For the past two years, they have continued going there around his birthday. “We invite all the people he loved, everyone he always wanted to invite. We planted a tree in his memory right in our regular spot at Susita Beach. The beach workers water that tree every day and take care of it. We stay there for three days, playing, talking, laughing. We celebrate the life he had in the happiest way possible.”
She adds: “I got married in a synagogue established in memory of those murdered. Instead of my father walking me to the chuppah, his name was on the wall among those of the victims. It was a very hard moment, but also a very connecting one.
"We donated his books to Assuta Medical Center in Be'er Sheva. It felt right that his books should not stay packed away in boxes, but continue passing from hand to hand and reaching other people. My father was a giving person, and it felt fitting that his books would carry that spirit forward. It makes us feel he is still with us.”
But alongside the commemoration and the attempt to keep her father present in life itself, she refuses to give up on the questions still hanging in the air.
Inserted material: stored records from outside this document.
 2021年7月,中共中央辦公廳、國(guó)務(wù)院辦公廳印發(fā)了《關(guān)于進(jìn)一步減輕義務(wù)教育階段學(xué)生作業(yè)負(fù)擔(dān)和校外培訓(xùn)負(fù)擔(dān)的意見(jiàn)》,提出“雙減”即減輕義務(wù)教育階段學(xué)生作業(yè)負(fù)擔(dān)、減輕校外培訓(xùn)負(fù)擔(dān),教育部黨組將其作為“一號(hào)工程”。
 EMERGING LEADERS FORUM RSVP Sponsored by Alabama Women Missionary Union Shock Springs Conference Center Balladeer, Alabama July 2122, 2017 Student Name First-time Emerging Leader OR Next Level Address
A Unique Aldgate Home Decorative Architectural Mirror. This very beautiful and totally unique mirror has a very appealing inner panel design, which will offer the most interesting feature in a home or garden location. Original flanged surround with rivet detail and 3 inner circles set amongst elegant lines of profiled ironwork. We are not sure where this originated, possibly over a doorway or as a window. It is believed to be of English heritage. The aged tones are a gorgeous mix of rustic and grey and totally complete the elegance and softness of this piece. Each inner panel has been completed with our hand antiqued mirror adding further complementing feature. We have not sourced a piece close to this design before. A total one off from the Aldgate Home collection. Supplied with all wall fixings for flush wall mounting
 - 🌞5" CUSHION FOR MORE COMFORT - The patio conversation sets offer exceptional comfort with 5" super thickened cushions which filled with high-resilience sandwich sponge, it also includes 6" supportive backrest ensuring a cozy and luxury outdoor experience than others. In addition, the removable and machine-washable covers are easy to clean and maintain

They are questions many victims of October 7 have carried since that morning, without receiving answers.
Today, she is active in the October Council, an organization of bereaved families, captivity survivors and survivors of the attacks that is working to establish a state commission of inquiry.
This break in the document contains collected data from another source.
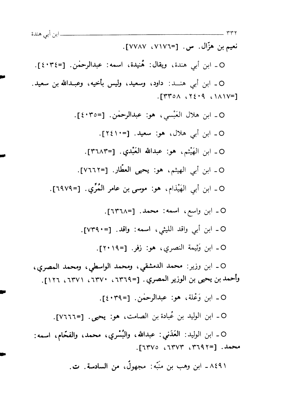 ° - ابن أبي هند: داود، وسعيد، وليس بأخيه، وعبد الله بن سعيد. [= 1817، 2409، 3358].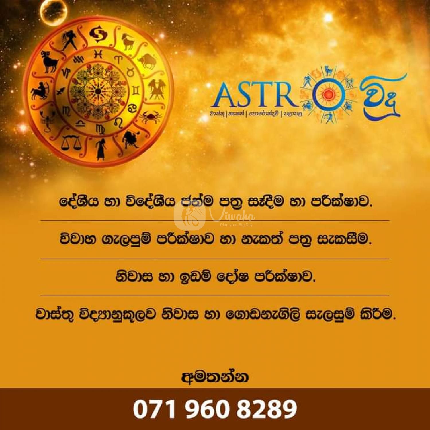 එම නිසා ඔබගේ විශේෂ දිනය චිරාගත සම්ප්රදායානුකූලව සැලසුම් කර ගැනීම සදහා Astrovidu - විදූ අප අමතන්න.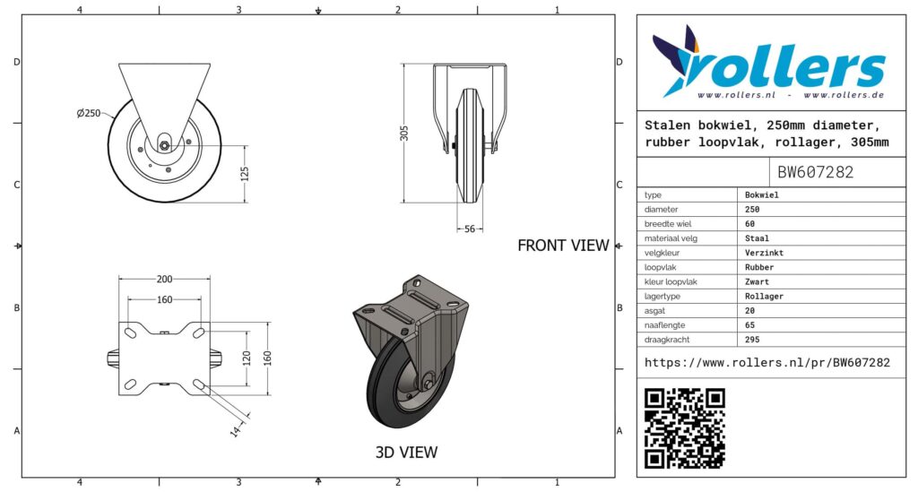 Dit is een bokwiel van staal. De bouwhoogte is 305 mm. De velg is gemaakt van staal (verzinkt) en het loopvlak is van rubber (zwart). De diameter van het wiel is 250 mm en de breedte 60 mm. De naaflengte is 65 mm en het asgat heeft een diameter van 20 mm. Het wiel heeft een draagvermogen van 295 kg. De lagering bestaat uit een rollager.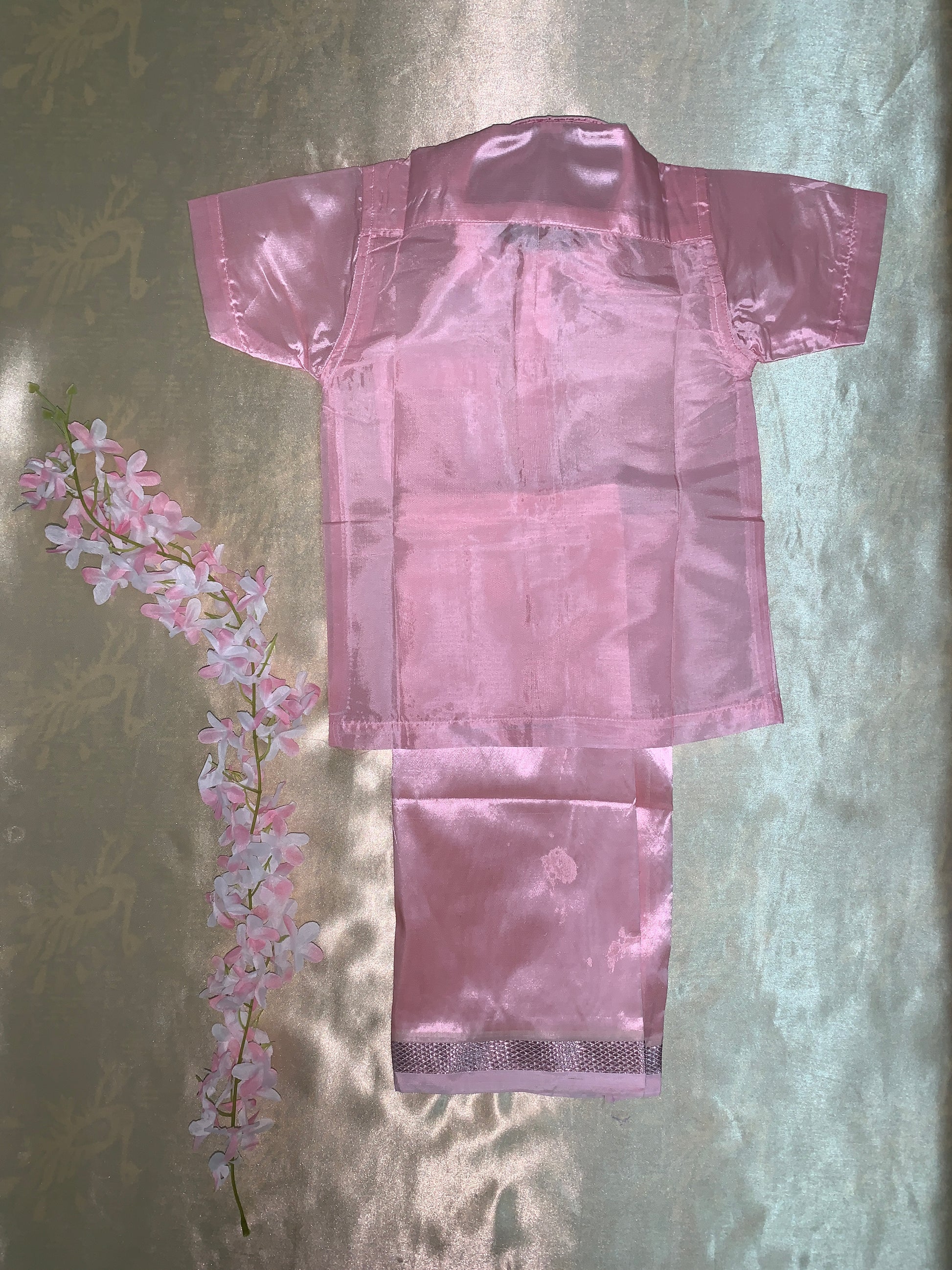 Designed for ultimate comfort and convenience, this features a luxurious silk Velcro Dhoti & Shirt for effortless wear. With its soft fabric and secure fastening, this Dhoti provides both style and practicality. Perfect for any occasion, elevate your wardrobe with this must-have piece.

“We are almost two and a half years later,” she says. “There are many families, including mine, who still don’t have answers about why this failure happened, how terrorists reached Ofakim or how it was even possible. My family, like hundreds of other families, and I, deserve the truth. We deserve to understand how the greatest failure in the country’s history happened."
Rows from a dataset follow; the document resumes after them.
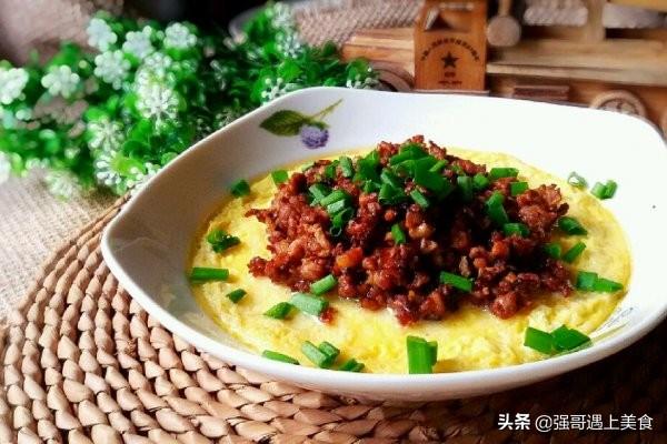 2肉末蒸鸡蛋,把鸡蛋准备敲壳把蛋青蛋黄放入陶瓷碗中均匀的搅拌,放合适的盐在放入蒸锅里面蒸10分钟,这个期间可以把切好的肉末在锅中下油翻炒,到入生姜大蒜末,,盐鸡精,加一点欠粉到一点水煮一两分钟收汁起锅。在把炒好的肉末放在蒸好蒸蛋面上,淋一点生抽和葱花完成。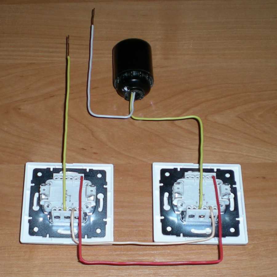 Сначала провода из коробки ведут на выключатели и потребитель, затем выключатели соединяются между собой. Важный момент – не перепутать провода, на выходах выключателей идут два провода перекрестного подключения, на вход первого – фаза, вход второго соединяется с потребителем.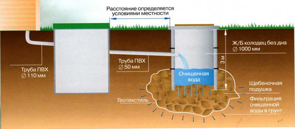 - Между септиком и колодцем с питьевой водой расстояние не менее 50 м.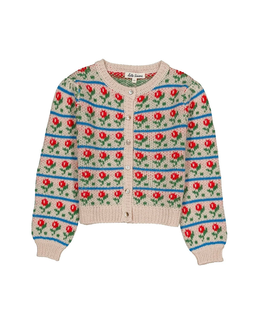 All-over jacquard knit cardigan. Plain ribbed edges. Slightly balloon sleeves and gathers at the head of the sleeve. Buttons on front.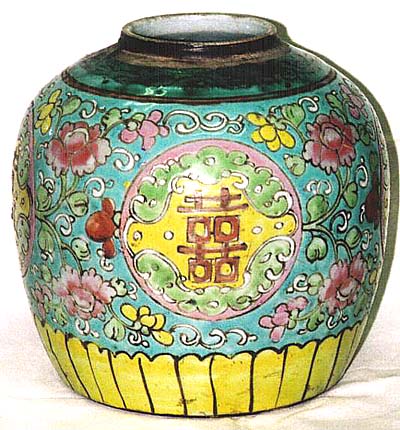 湖緑地滿彩雙喜牌文罐(同治年間、AD1862〜1874)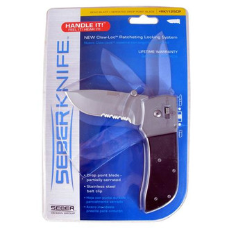 Seber Design Group Drop Point Bead Blast. Länge: 19,7 cm, Gewicht: 196 g. Material Messer: Edelstahl, Stahlsorte: 8Cr15MoV. Handgrifffarbe: Schwarz, Klingenfarbe: Edelstahl
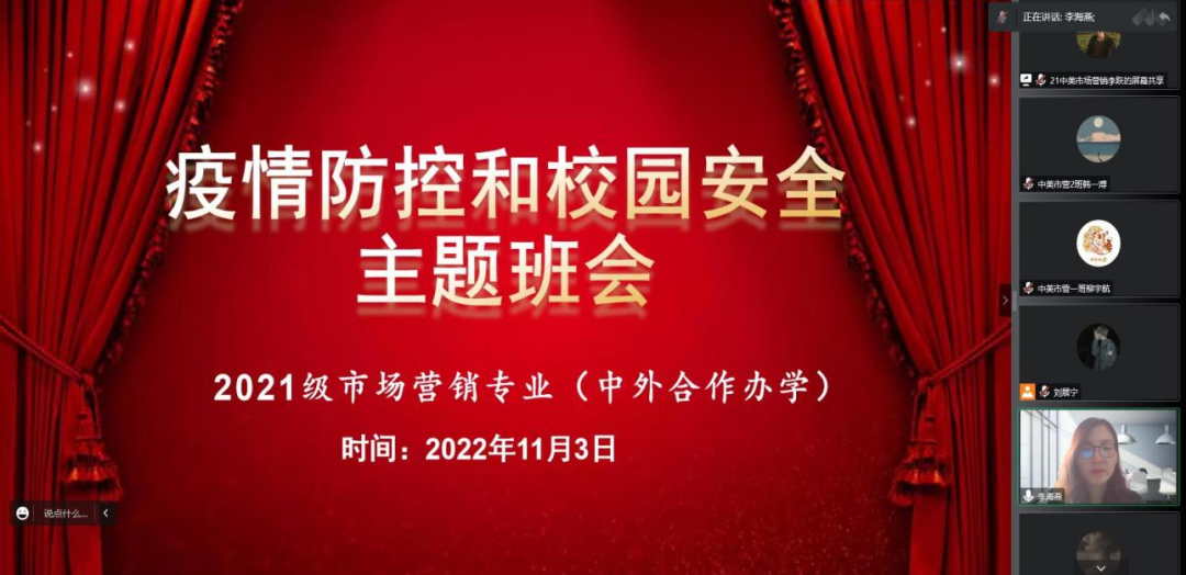为使同学们充分认识疫情防控的严峻形势,引导员工树立校园安全防范意识,加强自我防护,11月3日上午,伟德bv国际体育2021级市场营销专业(中外合作办学)召开“疫情防控和校园安全”主题班会,此次活动由辅导员李海燕主持,2021级市场营销专业(中外合作办学)全体同学通过腾讯会议参加。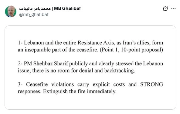 İran Meclis Başkanı Muhammed Bakır Galibaf, İsrail’in Lübnan’a saldırılarına ilişkin sosyal medyadan paylaşım yaptı. Galibaf, paylaşımında ABD ile 15 günlük ateşkes sağlanmasına yönelik sunulan maddeleri hatırlattı. Galibaf, "İran’ın müttefikleri olan Lübnan ve tüm direniş ekseni, ateşkesin ayrılmaz bir parçasını oluşturmaktadır. (10 maddelik teklifin 1. maddesi). Pakistan Başbakanı Şahbaz Şerif, Lübnan meselesini kamuoyu önünde açıkça vurguladı, inkara ve geri adıma yer yok" ifadelerini kullandı. İsrail’in Lübnan’a yönelik saldırılarıyla ateşkesin ihlal edilmesinin ciddi sonuçlar doğuracağı uyarısında bulunan Galibaf, "Ateşkes ihlalleri, bedellere ve sert karşılığa yol açar. Ateşi derhal söndürün" ifadelerini kullandı.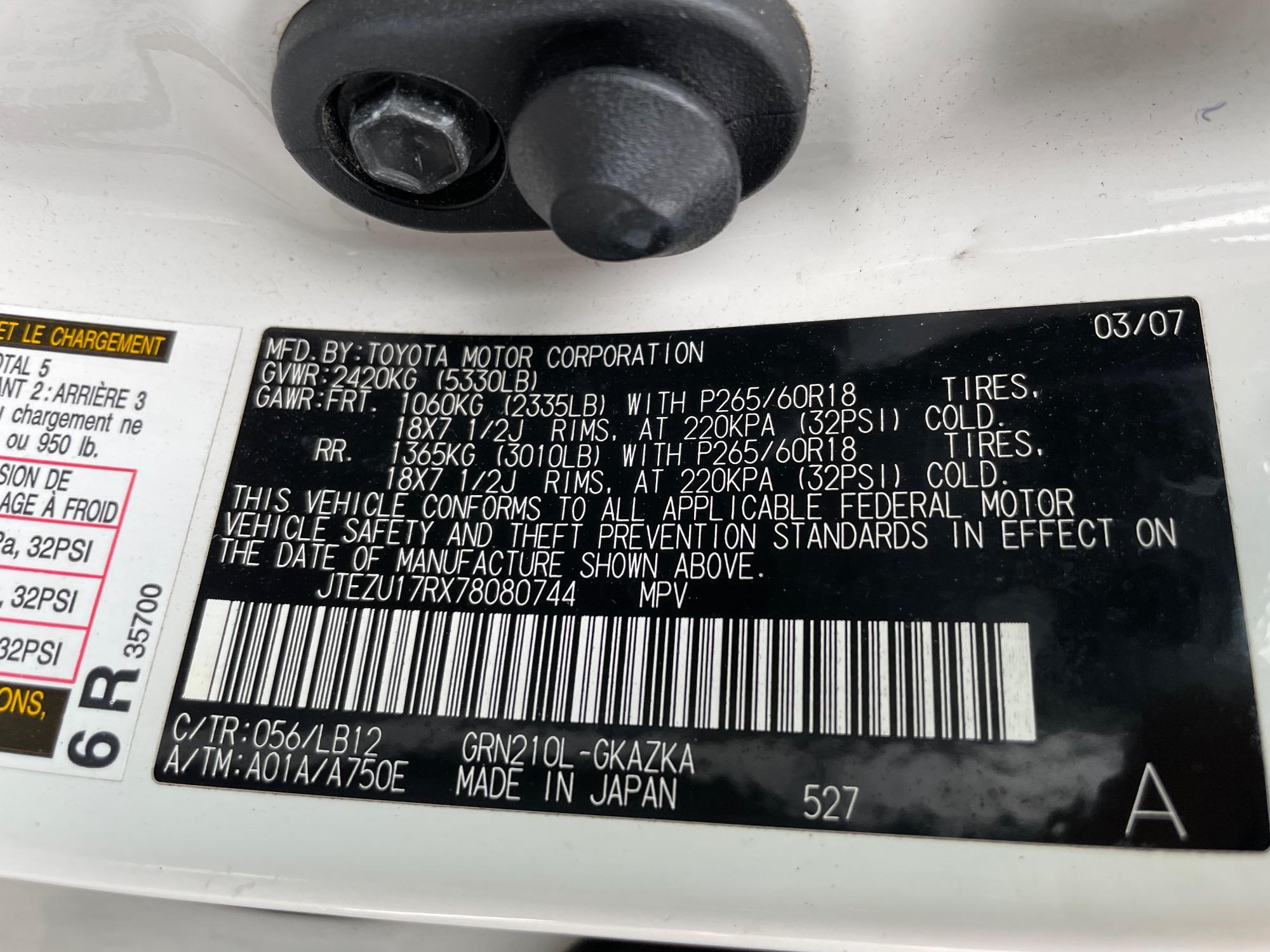 | VIN | JTEZU17RX78080744 |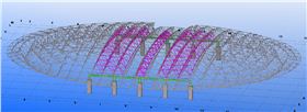 圖二,網(wǎng)架疊合模型(紫色為新建網(wǎng)架)

“After the Yom Kippur War, people said ‘never again.’ They said we would learn that lessons would be drawn. And now, 50 years later, something much worse happens. We, and our country, deserve to know what happened, why it happened and what did not work. We will not rest until a state commission of inquiry is established, with personal conclusions, to truly explain what happened that day and what led up to it,” she says.
Comments
The commenter agrees to the privacy policy of Ynet News and agrees not to submit comments that violate the terms of use, including incitement, libel and expressions that exceed the accepted norms of freedom of speech.
""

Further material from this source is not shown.